## Task requirements
Write out every entry exactly; the pictures do not belong in the copy.

## Available data

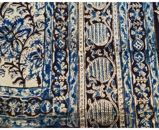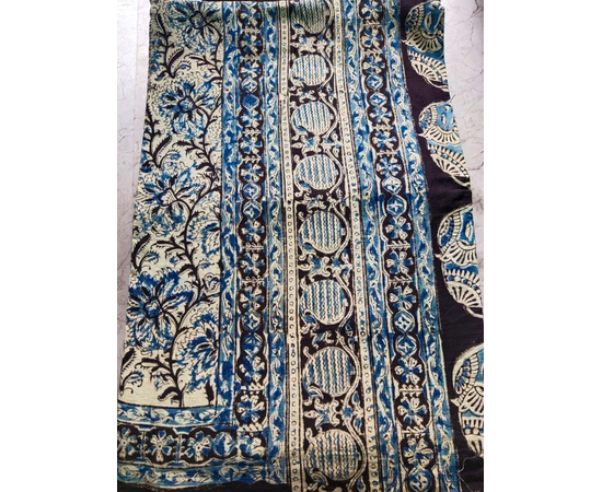 Pedana Kalamkari is a highly popular form of hand-painted or block-printed cotton textile and paintings, practiced in Andhra Pradesh, India. The beautifully printed saree with floral designs is a wonderful example of this form of art. It is a form of painting cotton fabrics with a kalam/Block i.e. pen/Block, which involves a sharp-pointed pierced bamboo regulating the flow of colour on the fabric.
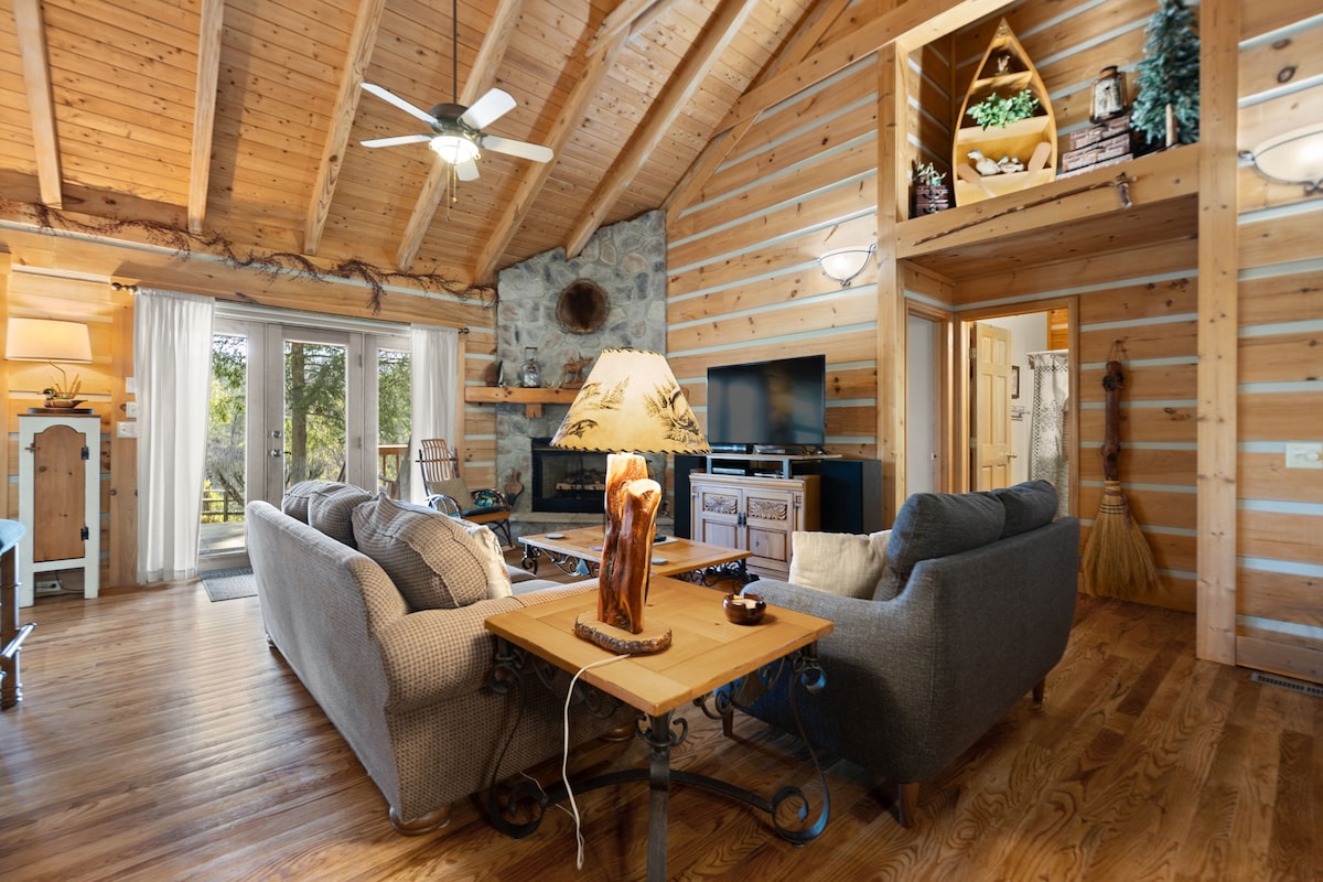 Đẹp cập nhật 3 tầng, 3-BD, 2-BA Cabin. Ẩn mình trong Cộng đồng Deerwater Lake Gated yên tĩnh. Ngủ-8. Vị trí đắc địa. Thân thiện với thú cưng. Tự hào với ao cá riêng, Wi-Fi cáp quang, boong mở lớn, bếp nướng gas và nhiều tiện nghi khác! Tuyệt vời để chèo thuyền kayak, bơi lội và câu cá! Gần công viên địa hình Hollerwood, Zip-Line, nhà hàng, Leo núi, Cầu tự nhiên và nhiều địa điểm khác. Một cabin tuyệt vời cho các nhóm nhỏ.
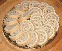 ترفع من الفرن ومباشرة تخرج من الصينية وتوضع على قطعة من ورق الزبدة أو ورق الالومنيوم، وتوزع فوقها الحشو ثم تلف مثل السويسرول
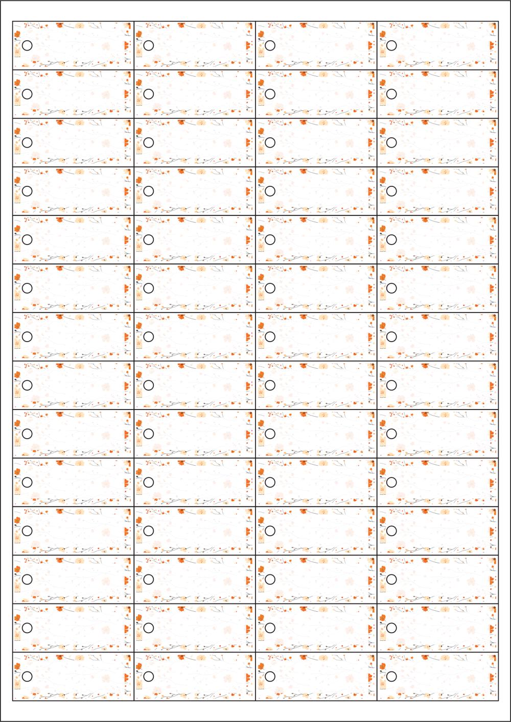 디자인된 A4 택 출력용 비점착 라벨, 규격코드: TLH0561, 디자인코드: DA1553(꽃잎 포장지), 50 x 20 (mm)
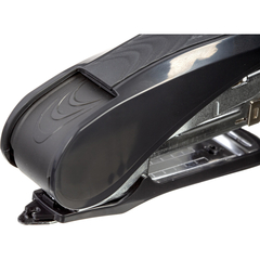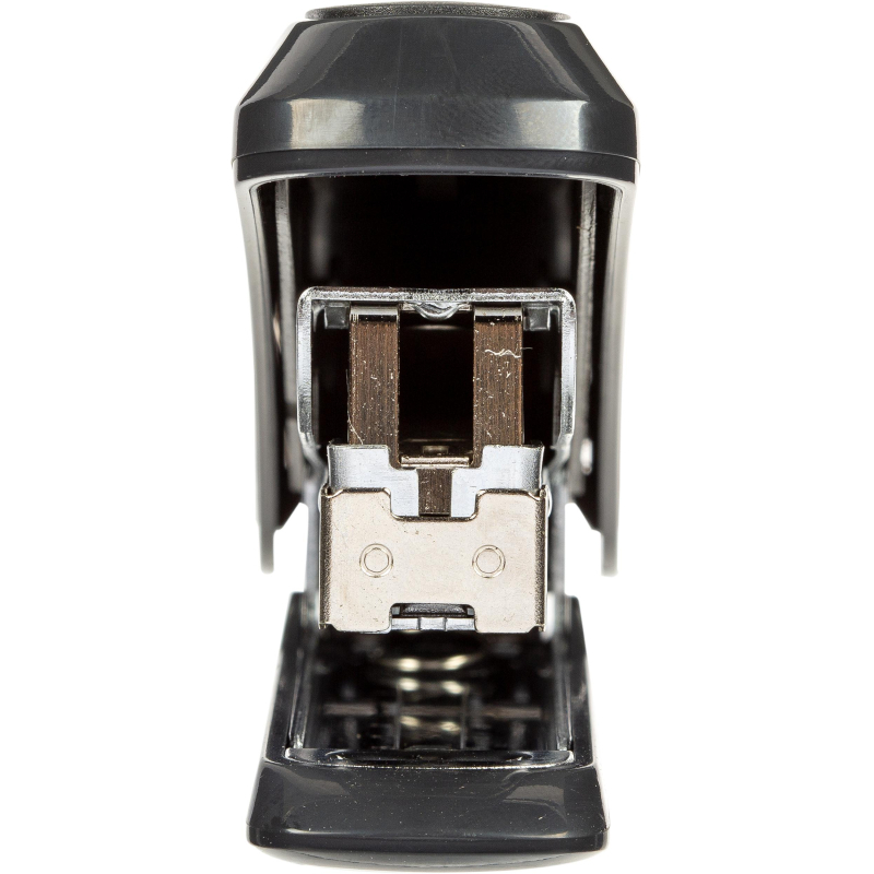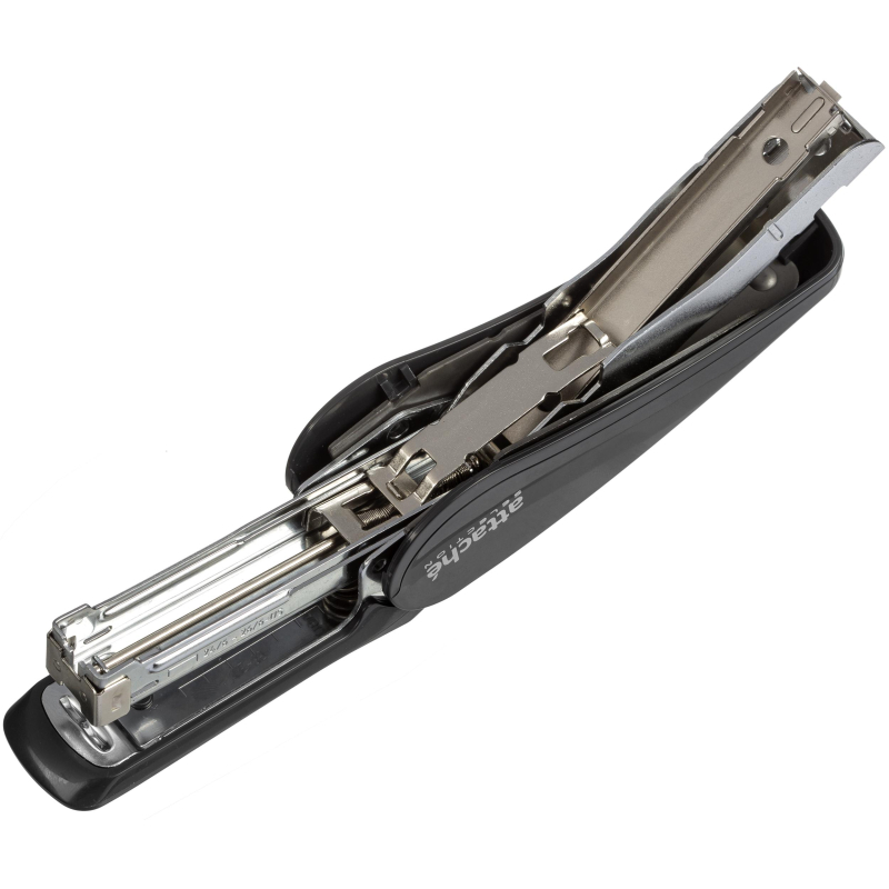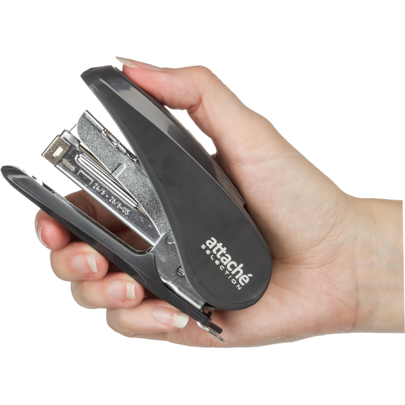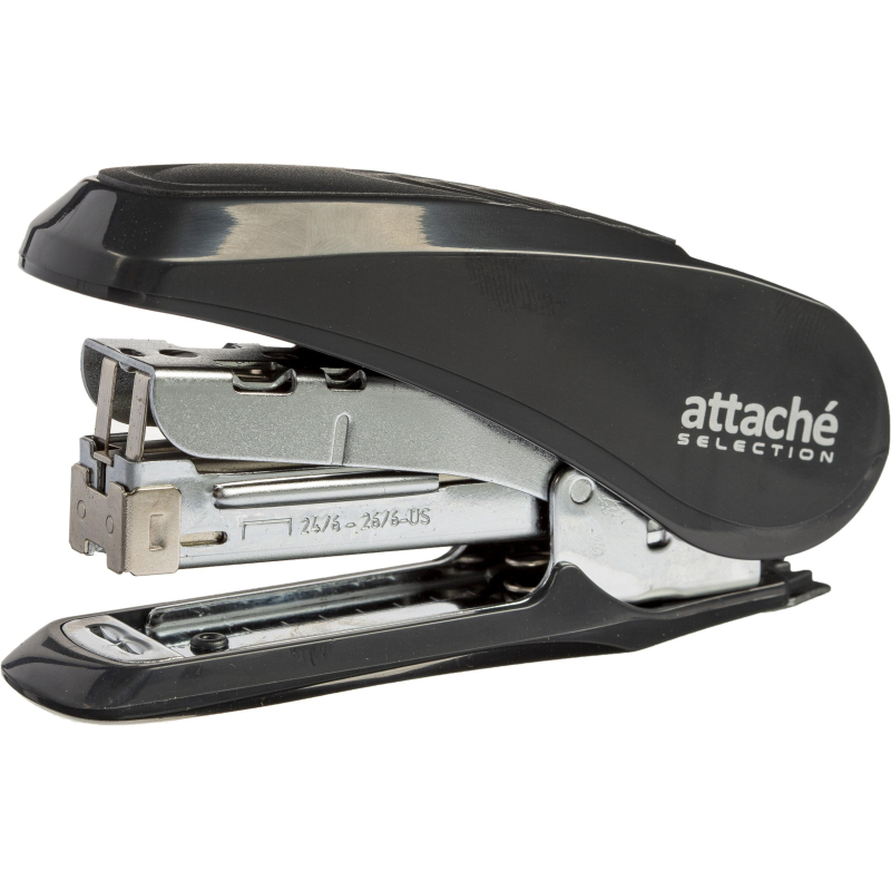 Степлер Attache Selection выполнен в металлическом корпусе серого цвета. Рабочие компоненты изготовлены из высококачественной стали. Детали корпуса выполнены из ударопрочного и износоустойчивого ABS-пластика. Степлер комфортно использовать за счет противоскользящей вставки на верхней части корпуса. Степлер совместим со скобами №24/6-26/6, одновременно сшивая до 30 листов бумаги плотностью до 80 г/кв.м. Благодаря технологии Less Effort при сшивании прилагается до 45% меньше усилий. Модель оснащена антистеплером, механизмом быстрой загрузки скоб и индикатором наполненности лотка для скоб. Степлер скрепляет бумагу закрытым типом сшивания, при котором ножки скобы загибаются внутрь. Это дает возможность надежно хранить сшитые документы на протяжении длительного времени. Вместимость лотка для скоб: 50 скоб размером №24/6 или 10 скоб размером 26/6. Глубина закладки бумаги: 52 мм.

## Solution to this problem
 Pedana Kalamkari is a highly popular form of hand-painted or block-printed cotton textile and paintings, practiced in Andhra Pradesh, India. The beautifully printed saree with floral designs is a wonderful example of this form of art. It is a form of painting cotton fabrics with a kalam/Block i.e. pen/Block, which involves a sharp-pointed pierced bamboo regulating the flow of colour on the fabric.
 Đẹp cập nhật 3 tầng, 3-BD, 2-BA Cabin. Ẩn mình trong Cộng đồng Deerwater Lake Gated yên tĩnh. Ngủ-8. Vị trí đắc địa. Thân thiện với thú cưng. Tự hào với ao cá riêng, Wi-Fi cáp quang, boong mở lớn, bếp nướng gas và nhiều tiện nghi khác! Tuyệt vời để chèo thuyền kayak, bơi lội và câu cá! Gần công viên địa hình Hollerwood, Zip-Line, nhà hàng, Leo núi, Cầu tự nhiên và nhiều địa điểm khác. Một cabin tuyệt vời cho các nhóm nhỏ.
 ترفع من الفرن ومباشرة تخرج من الصينية وتوضع على قطعة من ورق الزبدة أو ورق الالومنيوم، وتوزع فوقها الحشو ثم تلف مثل السويسرول
 디자인된 A4 택 출력용 비점착 라벨, 규격코드: TLH0561, 디자인코드: DA1553(꽃잎 포장지), 50 x 20 (mm)
 Степлер Attache Selection выполнен в металлическом корпусе серого цвета. Рабочие компоненты изготовлены из высококачественной стали. Детали корпуса выполнены из ударопрочного и износоустойчивого ABS-пластика. Степлер комфортно использовать за счет противоскользящей вставки на верхней части корпуса. Степлер совместим со скобами №24/6-26/6, одновременно сшивая до 30 листов бумаги плотностью до 80 г/кв.м. Благодаря технологии Less Effort при сшивании прилагается до 45% меньше усилий. Модель оснащена антистеплером, механизмом быстрой загрузки скоб и индикатором наполненности лотка для скоб. Степлер скрепляет бумагу закрытым типом сшивания, при котором ножки скобы загибаются внутрь. Это дает возможность надежно хранить сшитые документы на протяжении длительного времени. Вместимость лотка для скоб: 50 скоб размером №24/6 или 10 скоб размером 26/6. Глубина закладки бумаги: 52 мм.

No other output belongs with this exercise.